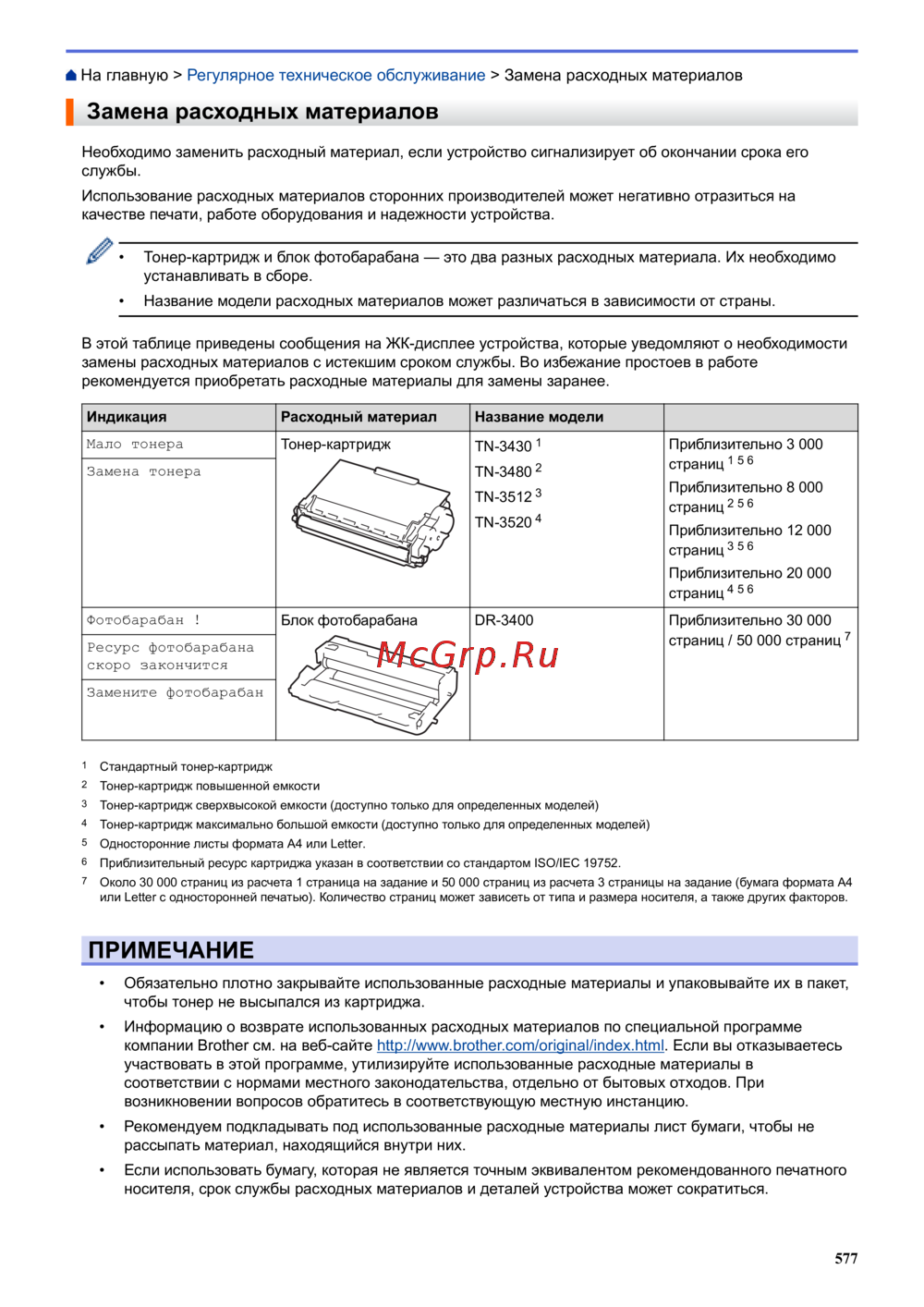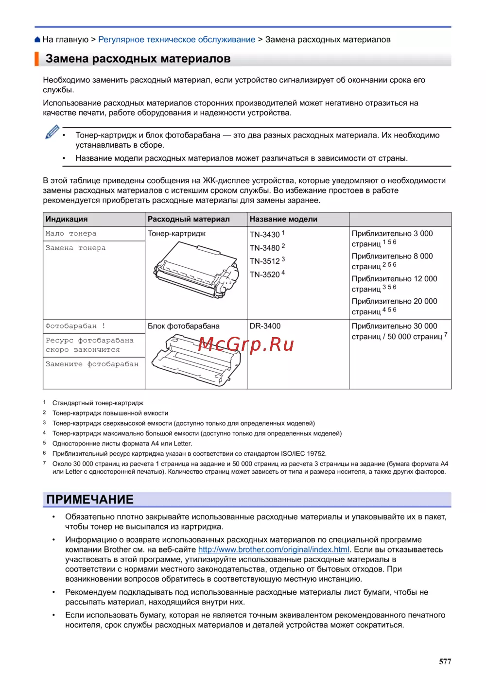 • Тонер-картридж и блок фотобарабана — это два разных расходных материала. Их необходимо
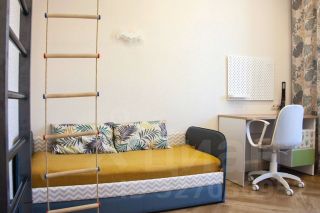 Во второй спальне: горчичного цвета двухместный диван и небольшое хранение для детских игрушек/вещей;
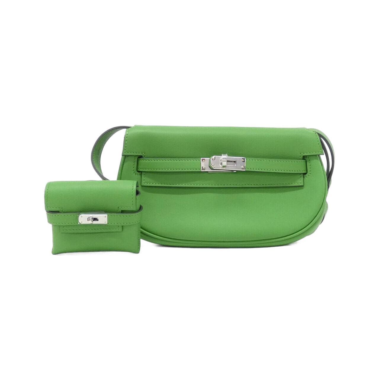 ご覧いただきありがとうございます。 エルメスのケリー ムーヴです。グリーン系の落ち着いた色合いで、使いやすいサイズ感が魅力的です。スイフト素材で高級感もあります。 前の持ち主があまり使わなかったみたいで、まだまだ綺麗な状態です。若干の擦れや小傷、くすみはありますが、全体的には目立たない程度。ポーチと保存袋、箱も揃っているので、プレゼントにも良さそうです。 ショルダーストラップは調整可能で、斜め掛けでも肩掛けでも使えます。容量も丁度良くて、毎日のお出かけにぴったりですよ。 不明な点があればお気軽にコメントください。
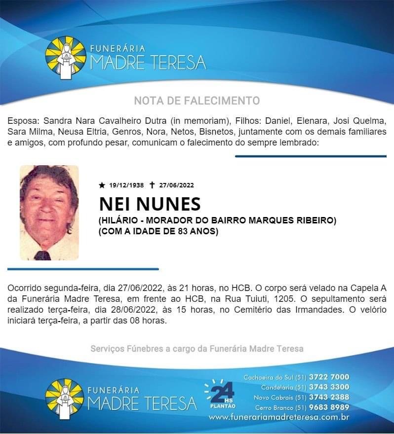 Falecimentos Falecimento / Nei Nunes admin 28 de junho de 2022 Post navigation Previous: Inscrições para o Sisu começam nesta terça-feiraNext: Falecimento / Venira Irene Müller Mais notícias Falecimentos MARION DA SILVA (SÃO NUNCA) Francis Soares 21 de fevereiro de 2025 Falecimentos ROMANI KEGLER NUNES Francis Soares 17 de fevereiro de 2025 Falecimentos ROMARINO “EDILON CARDOSO” PEREIRA Francis Soares 17 de fevereiro de 2025 Deixe um comentário Cancelar respostaO seu endereço de e-mail não será publicado. Campos obrigatórios são marcados com *Comentário * Nome * E-mail * Site Salvar meus dados neste navegador para a próxima vez que eu comentar. Δ
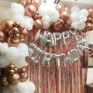 60 балона в различни цветове; 1x балон с форма на корона; 2x балона с форма на петолъчна звезда; 2x балона с форма на четирилъчна звезда; 1x завеса от блестящи панделки; 1x банер „Честит рожден ден“; 5x комплект цветни декоративни пискюли; 1x декорация за торта „Честит рожден ден“; декоративна панделка, аксесоари за връзване на балони, лепило и лента за закрепване на балони.
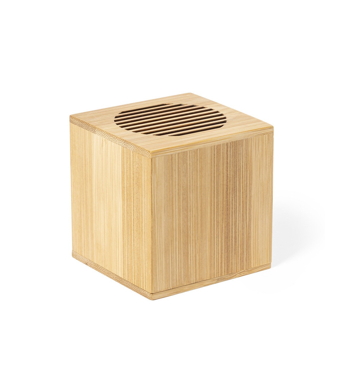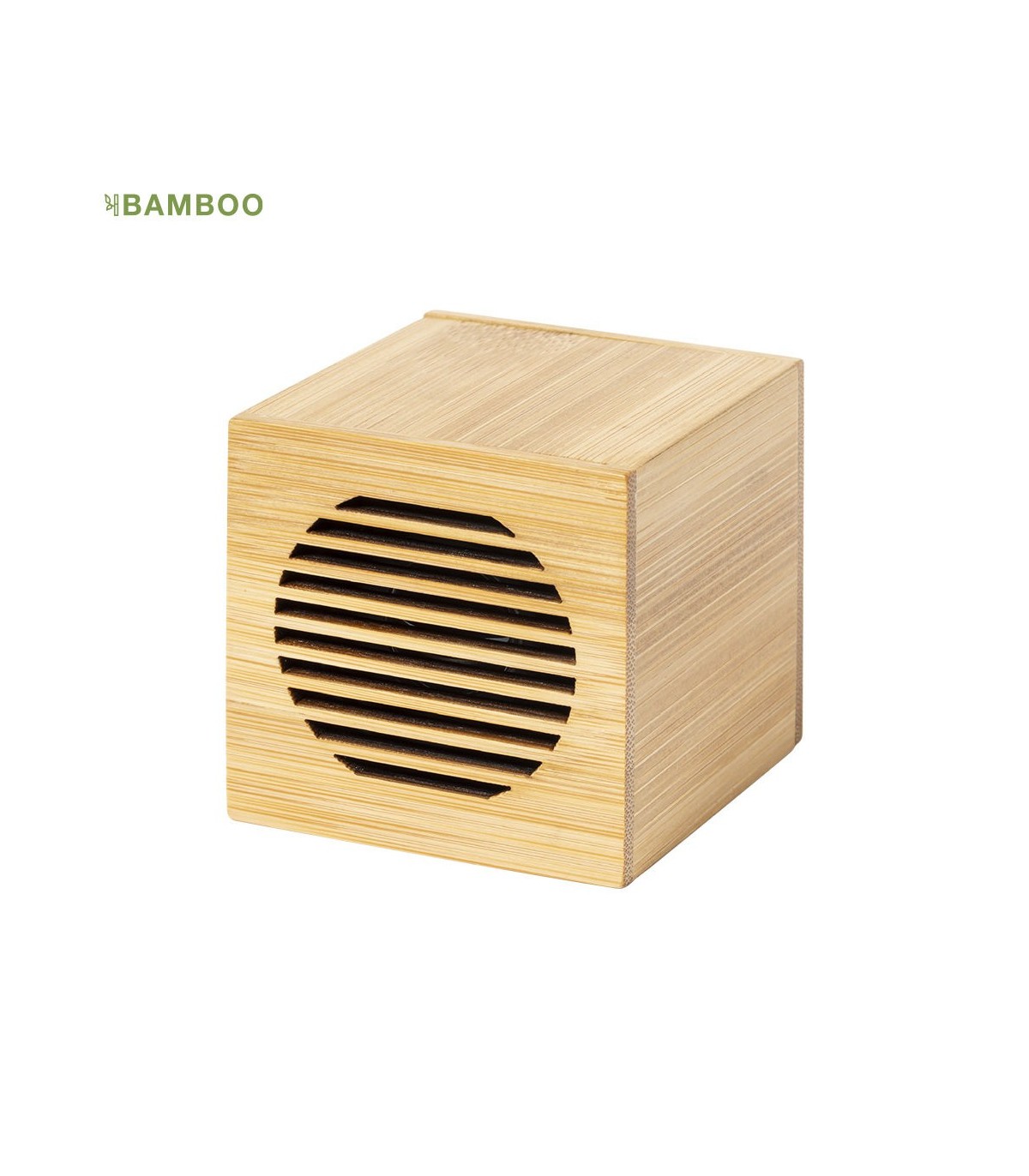 Altavoz inalámbrico con conexión Bluetooth® 5.0 y 3W de potencia, con batería de litio. Fabricado en bambú Recargable mediante cable Micro USB -incluido-. Amplia superficie de marcaje y presentado en atractiva caja de diseño eco. Disponible manual de instrucciones en español e inglés.
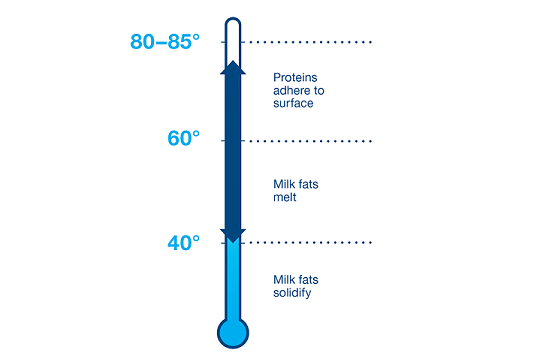 열의 역할은 다양한 물질의 용해 및 유화를 개선하고 세제 작용을 강화하는 것입니다. 각 단계에서 적절한 온도를 사용하는 것이 중요합니다. 온도가 너무 낮으면 유지방이 굳고, 너무 높으면 유단백질이 표면에 달라붙어 제거하기 매우 어려워집니다.
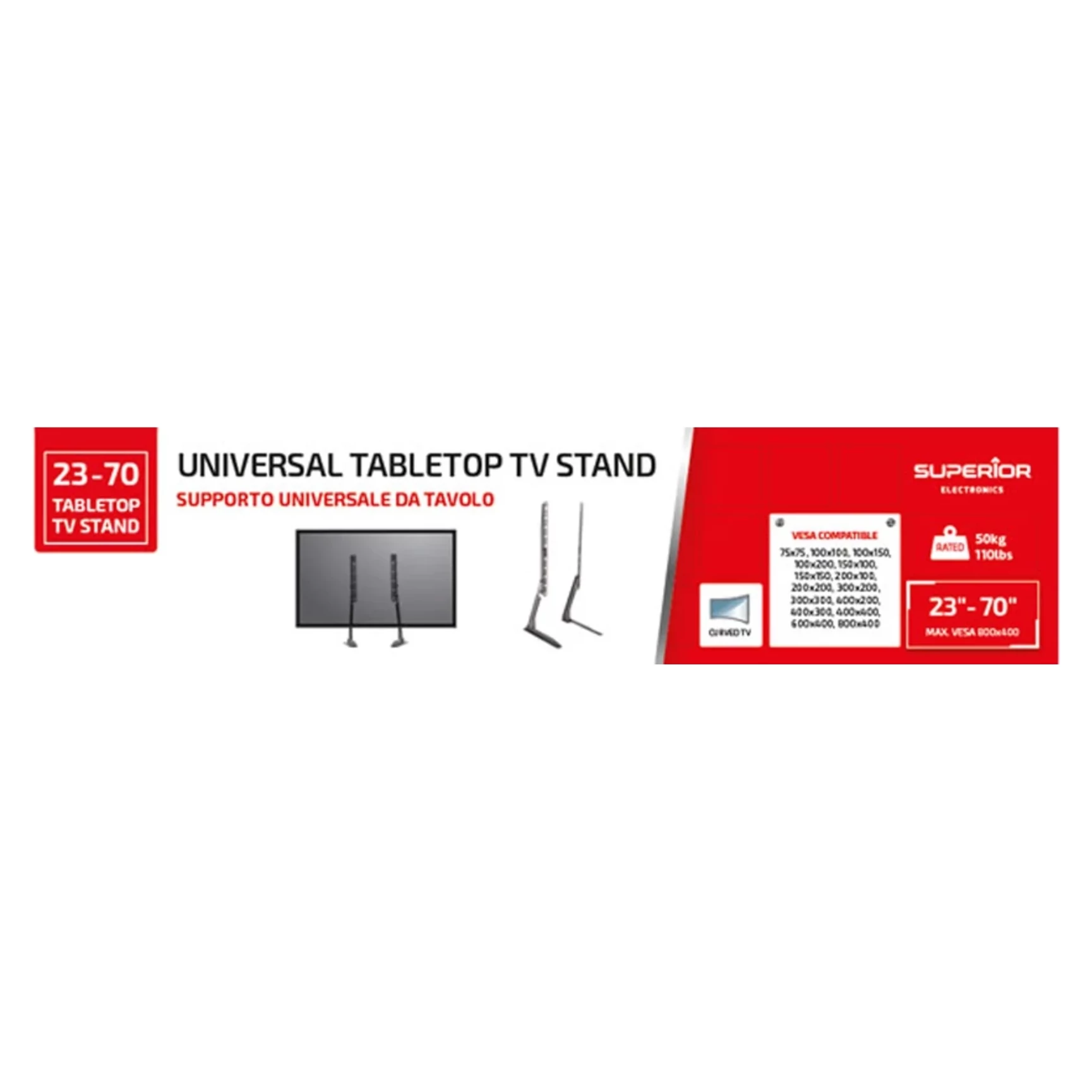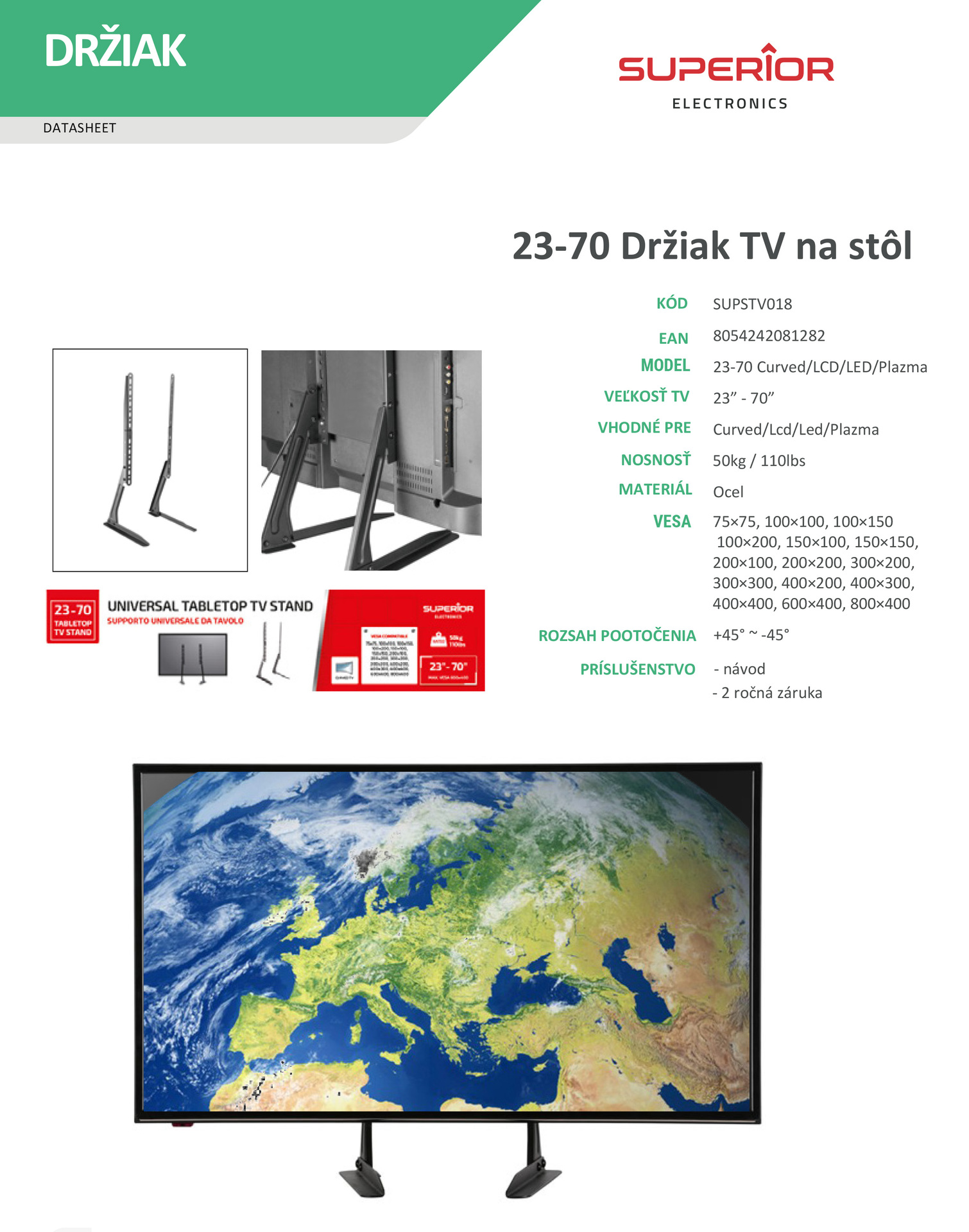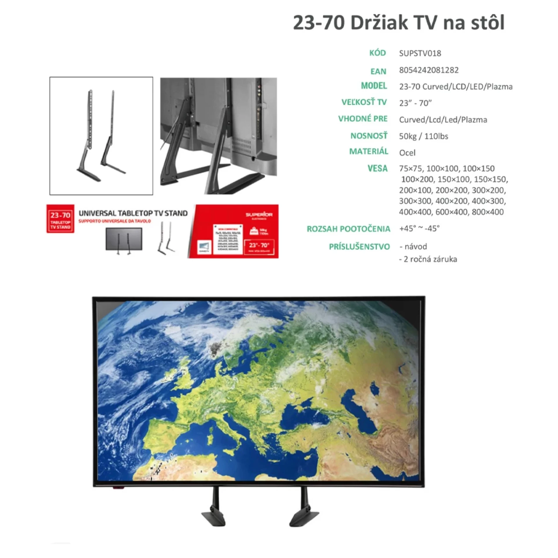 Pevný kovový držiak určený na stôl. Vďaka tomuto držiaku môžete na Váš stôl alebo skrinku umiestnit TV s uhlopriečkou od 23″ – 70″ (58cm – 177cm). Vďaka vysokej nosnosti je vhodný skoro pre všetky druhy TV. Vyhotovenie je kov v čiernej farbe.
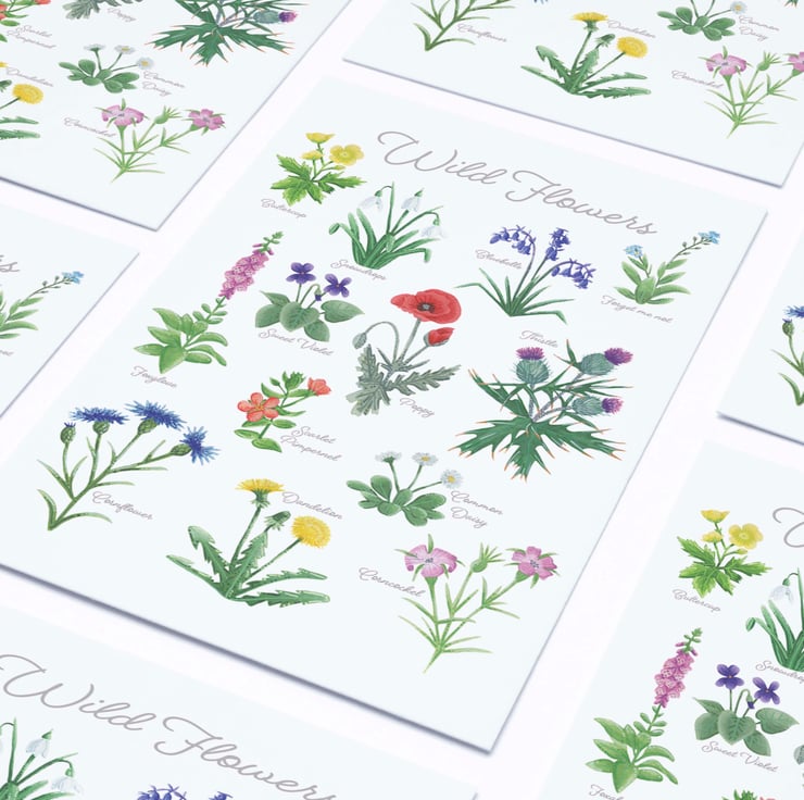 This wild flower print is available in A4 and A3 by clicking the choose option button.

- [Task goal] From the material above, write out exactly the lines from the line with "Pevný kovový držiak" through the closing line, inclusive, and no pictures.

- [Output for this exercise]
 Pevný kovový držiak určený na stôl. Vďaka tomuto držiaku môžete na Váš stôl alebo skrinku umiestnit TV s uhlopriečkou od 23″ – 70″ (58cm – 177cm). Vďaka vysokej nosnosti je vhodný skoro pre všetky druhy TV. Vyhotovenie je kov v čiernej farbe.
 This wild flower print is available in A4 and A3 by clicking the choose option button.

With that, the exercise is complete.